Re: Error Executing a Fragment Replicated Join

Posted by Renato Marroquín Mogrovejo <re...@gmail.com>.

Now that the Apache server is ok with me again, I can write back to
the list. I wrote to the Apache Infra team and they told me to write
messages just in plain text, disabling any html within the message
(not that I ever sent html but oh well), I guess that worked :)
Well, first thanks for answering. I am using pig 0.7 and my pig script
is as follows:

{code}
sr = LOAD 'pigData/sr.dat' using PigStorage('|') AS
(sr_ret_date_sk:int, sr_ret_tim_sk:int, sr_ite_sk:int, sr_cus_sk:int,
sr_cde_sk:int, sr_hde_sk:int, sr_add_sk:int, sr_sto_sk:int,
sr_rea_sk:int, sr_tic_num:int, sr_ret_qua:int, sr_ret_amt:double,
sr_ret_tax:double, sr_ret_amt_inc_tax:double, sr_fee:double,
sr_ret_sh_cst:double, sr_ref_csh:double, sr_rev_cha:double,
sr_sto_cred:double, sr_net_lss:double);

cd = LOAD 'pigData/cd.dat' using PigStorage('|') AS (cd_dem_sk:int,
cd_gnd:chararray, cd_mrt_sts:chararray, cd_edt_sts:chararray,
cd_pur_est:int, cd_cred_rtg:chararray, cd_dep_cnt:int,
cd_dep_emp_cnt:int, cd_dep_col_count:int);

proy_sR = FOREACH sr GENERATE sr_cde_sk;
proy_cD = FOREACH cd GENERATE cd_dem_sk;

join_sR_cD = JOIN proy_sR BY sr_cde_sk, proy_cD BY cd_dem_sk USING 'replicated';

STORE join_sR_cD INTO 'queryResults/query.11.sr.cd.5.1' using PigStorage('|');
{/code}

Being "cd" the relation of 77MB and "sr" the relation of 32MB. I had
some other similar queries in which the 32MB relation was being joined
with smaller relations (<10MB) giving the same problem, I modified
those, so the queries <10MB would be ones being replicated.
Thanks again.

Renato M.

2011/4/27 Thejas M Nair <te...@yahoo-inc.com>:
> The exception indicates that the hadoop job creation failed. Are you able to
> run simple MR queries using each of the inputs ?
> It could also caused by some problem pig is having with copying the file
> being replicated to distributed cache.
> -Thejas
>
>
> On 4/27/11 3:42 PM, "Renato Marroquín Mogrovejo"
> <re...@gmail.com> wrote:
>
> Does anybody have any suggestions?

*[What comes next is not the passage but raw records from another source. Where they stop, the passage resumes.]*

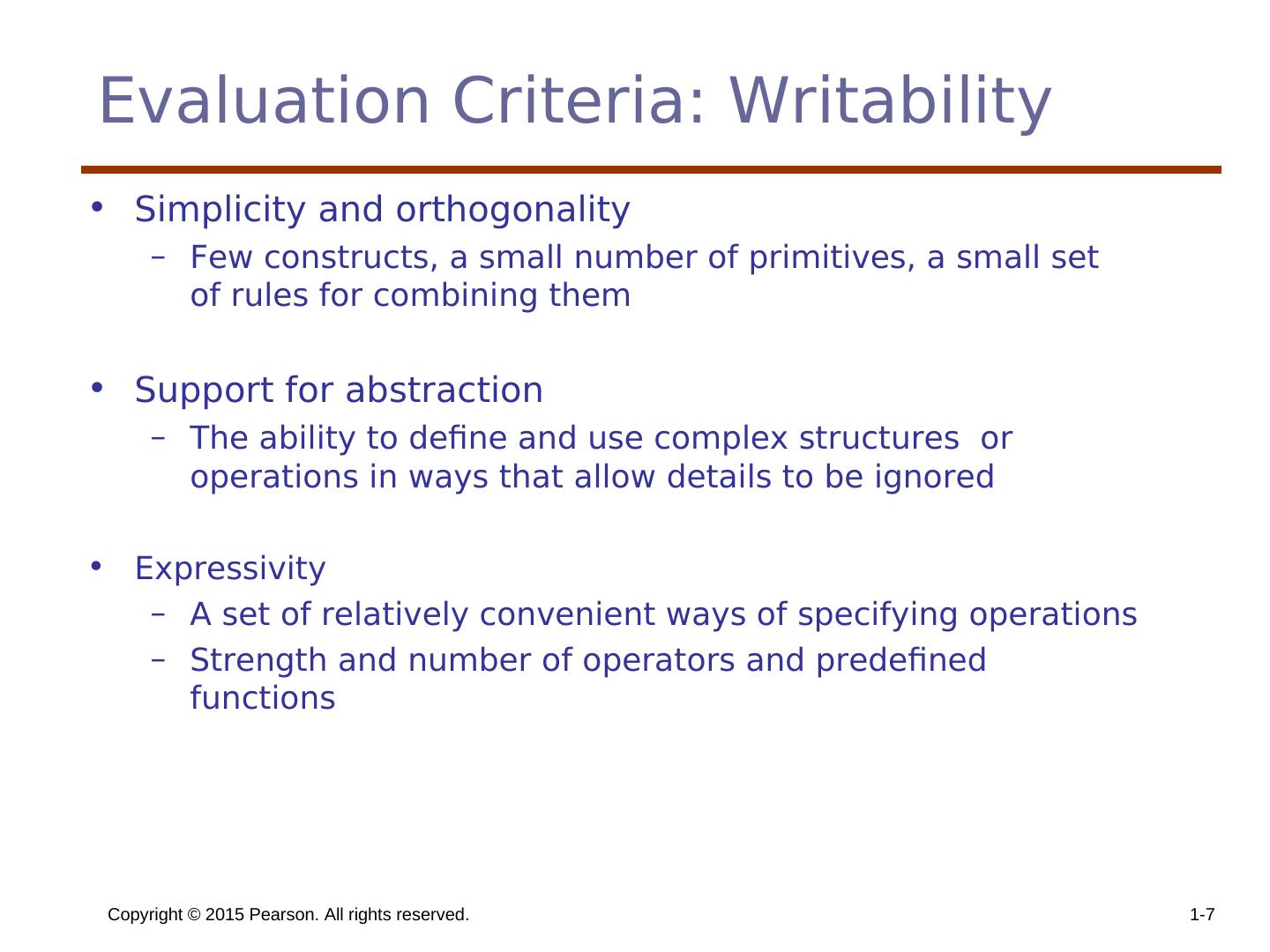 6 .Evaluation Criteria: Readability • Overall simplicity – A manageable set of features and constructs – Minimal feature multiplicity – Minimal operator overloading • Orthogonality – A relatively small set of primitive constructs can be combined in a relatively small number of ways – Every possible combination is legal • Data types – Adequate predefined data types • Syntax considerations – Identifier forms: flexible composition – Special words and methods of forming compound statements – Form and meaning: self-descriptive constructs, meaningful keywords Copyright © 2015 Pearson. All rights reserved. 1-6
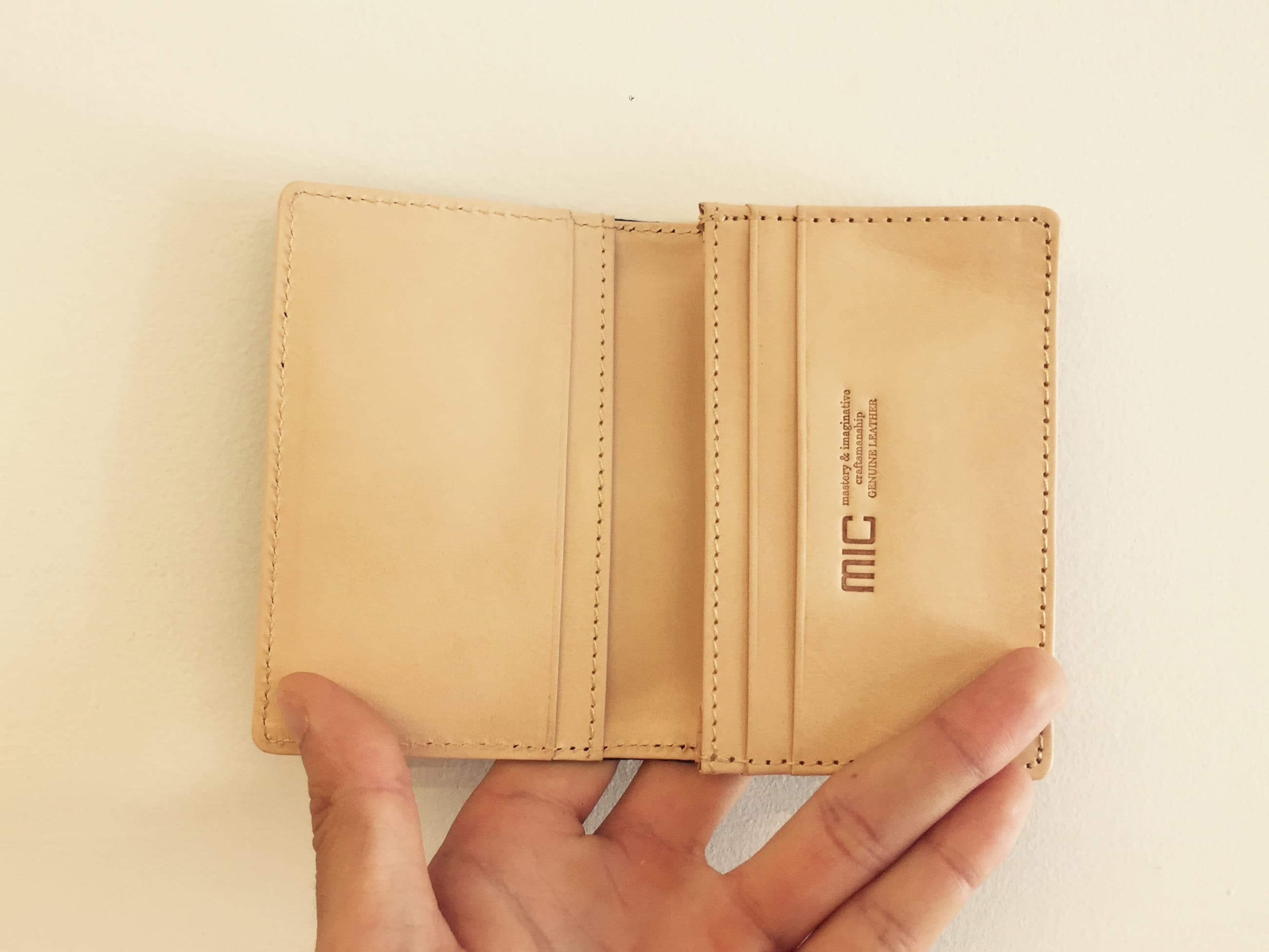 革の表面に蝋をたっぷりと塗ったmicのブライドルレザー。
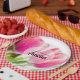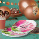Paper plates with a beautiful spring photograph featuring 2 pink tulips and bright green leaves.
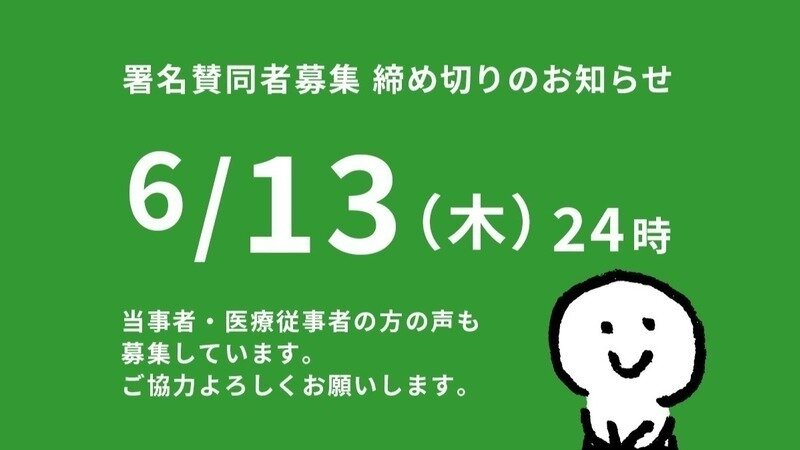 締め切りまで一人でも多くの賛同が集まるよう、署名の拡散などご協力をいただけたら幸いです。よろしくお願い致します。
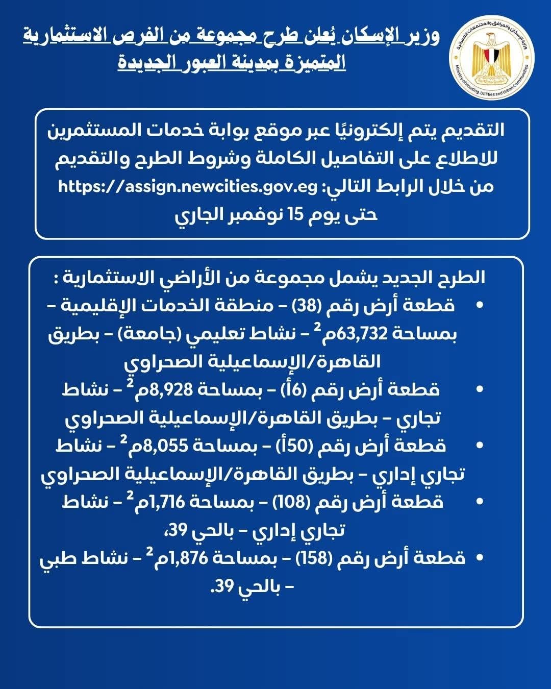 وأوضح المهندس محمود مراد، رئيس جهاز تنمية مدينة العبور الجديدة، أن الطرح الجديد يشمل مجموعة من الأراضي الاستثمارية المميزة على النحو التالي: قطعة أرض رقم (38) – منطقة الخدمات الإقليمية – بمساحة 63,732م² – نشاط تعليمي (جامعة) – بطريق القاهرة/الإسماعيلية الصحراوي، وقطعة أرض رقم (6أ) – بمساحة 8,928م² – نشاط تجاري – بطريق القاهرة/الإسماعيلية الصحراوي، وقطعة أرض رقم (50أ) – بمساحة 8,055م² – نشاط تجاري إداري – بطريق القاهرة/الإسماعيلية الصحراوي، وقطعة أرض رقم (108) – بمساحة 1,716م² – نشاط تجاري إداري – بالحي 39، وقطعة أرض رقم (158) – بمساحة 1,876م² – نشاط طبي – بالحي 39.
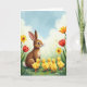 This design shows a brown rabbit sitting calmly in the middle of a spring meadow, watching four fluffy yellow ducklings gather close as if drawn in by a gentle friendship 🐰. The rabbit’s dark, alert eyes and upright ears face the little group, while the ducklings form a loose half-circle with orange beaks and feet turned toward it, like they’re sharing a quiet moment together. Around them, fresh green grass fills the foreground with tiny white and pale yellow wildflowers scattered between the blades. Taller flowers rise behind the animals, mixing sunny yellow blooms with red tulips that frame the scene like a garden border 🌷. Across the top, a short Easter greeting sits centered in soft lettering, set in a warm pastel tone that stands out against the sky. The background sky fades from light blue overhead to a creamy glow near the horizon, with rounded clouds drifting across. Golden light falls evenly across the rabbit’s fur and the ducklings’ down, and the red tulips lean slightly inward from both sides.

Please???
> Thanks again.
>
> Renato M.
>
> 2011/4/26 Alan Gates <ga...@yahoo-inc.com>
>>
>> Sent for Renato, since Apache's mail system has decided it doesn't like
>> him.
>>
>> Alan.
>>
>> I am getting an error while trying to execute a simple fragment replicated
>> join on two files (one of 77MB and the other one of 32MB). I am using the
>> 32MB file as the small one to be replicated, but I keep getting this
>> error.
>> Does any body know how this count is done? I mean how Pig determines that
>> the small file is not small enough, or how I could modify this?
>> I am executing these on four PC's with 3GB of RAM running DebianLenny.
>> Thanks in advance.
>>
>>
>> Renato M.
>>
>> Pig Stack Trace
>> ---------------
>> ERROR 2017: Internal error creating job configuration.
>>
>> org.apache.pig.backend.executionengine.ExecException: ERROR 2043:
>> Unexpected
>> error during execution.
>>      at
>>
>> org.apache.pig.backend.hadoop.executionengine.HExecutionEngine.execute(HExecutionEngine.java:332)
>>      at
>> org.apache.pig.PigServer.executeCompiledLogicalPlan(PigServer.java:835)
>>      at org.apache.pig.PigServer.execute(PigServer.java:828)
>>      at org.apache.pig.PigServer.access$100(PigServer.java:105)
>>      at org.apache.pig.PigServer$Graph.execute(PigServer.java:1080)
>>      at org.apache.pig.PigServer.executeBatch(PigServer.java:288)
>>      at
>> org.apache.pig.tools.grunt.GruntParser.executeBatch(GruntParser.java:109)
>>      at
>>
>> org.apache.pig.tools.grunt.GruntParser.parseStopOnError(GruntParser.java:166)
>>      at
>>
>> org.apache.pig.tools.grunt.GruntParser.parseStopOnError(GruntParser.java:138)
>>      at org.apache.pig.tools.grunt.Grunt.exec(Grunt.java:89)
>>      at org.apache.pig.Main.main(Main.java:391)
>> Caused by:
>>
>> org.apache.pig.backend.hadoop.executionengine.mapReduceLayer.JobCreationException:
>> ERROR 2017: Internal error creating job configuration.
>>      at
>>
>> org.apache.pig.backend.hadoop.executionengine.mapReduceLayer.JobControlCompiler.getJob(JobControlCompiler.java:624)
>>      at
>>
>> org.apache.pig.backend.hadoop.executionengine.mapReduceLayer.JobControlCompiler.compile(JobControlCompiler.java:246)
>>      at
>>
>> org.apache.pig.backend.hadoop.executionengine.mapReduceLayer.MapReduceLauncher.
>>
>>
>>
>
>
>
> --
>
>

Re: Error Executing a Fragment Replicated Join

Posted by Alan Gates <ga...@yahoo-inc.com>.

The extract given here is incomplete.